■ Task statement
The line containing "Figure 2: Manually-updated" and every line after it through the end of the records: return those exactly, and nothing more.

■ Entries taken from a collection

────────────────────────────────────────

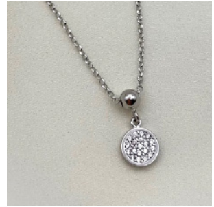
PAVE P608S | £18
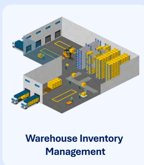
Warehouse Inventory Management
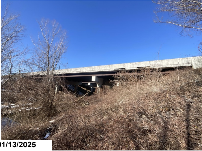
Side view / elevation
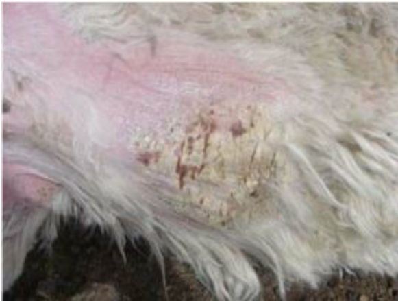
Figure 3: Sarcoptic Mange (Sarna) in Peru

(88.9%) evaluated were positive for trombiculosis. As infections had no correlation to pregnancy status or BCS score, these parasites seem to be more of a nuisance than a serious condition. A one time application of a topical petrolatum ointment is a very effective treatment against the mites.
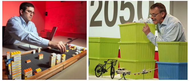
Figure 2: Manually-updated physicalizations used by an automotive engineer (left, image © General Motors) and by Hans Rosling during a public talk (right, image © TED).

To further illustrate the potential of data physicalizations, we provide three usage scenarios which are fictional and to a large extent ignore current technological limitations.

────────────────────────────────────────

■ Answer to this task
Figure 2: Manually-updated physicalizations used by an automotive engineer (left, image © General Motors) and by Hans Rosling during a public talk (right, image © TED).

To further illustrate the potential of data physicalizations, we provide three usage scenarios which are fictional and to a large extent ignore current technological limitations.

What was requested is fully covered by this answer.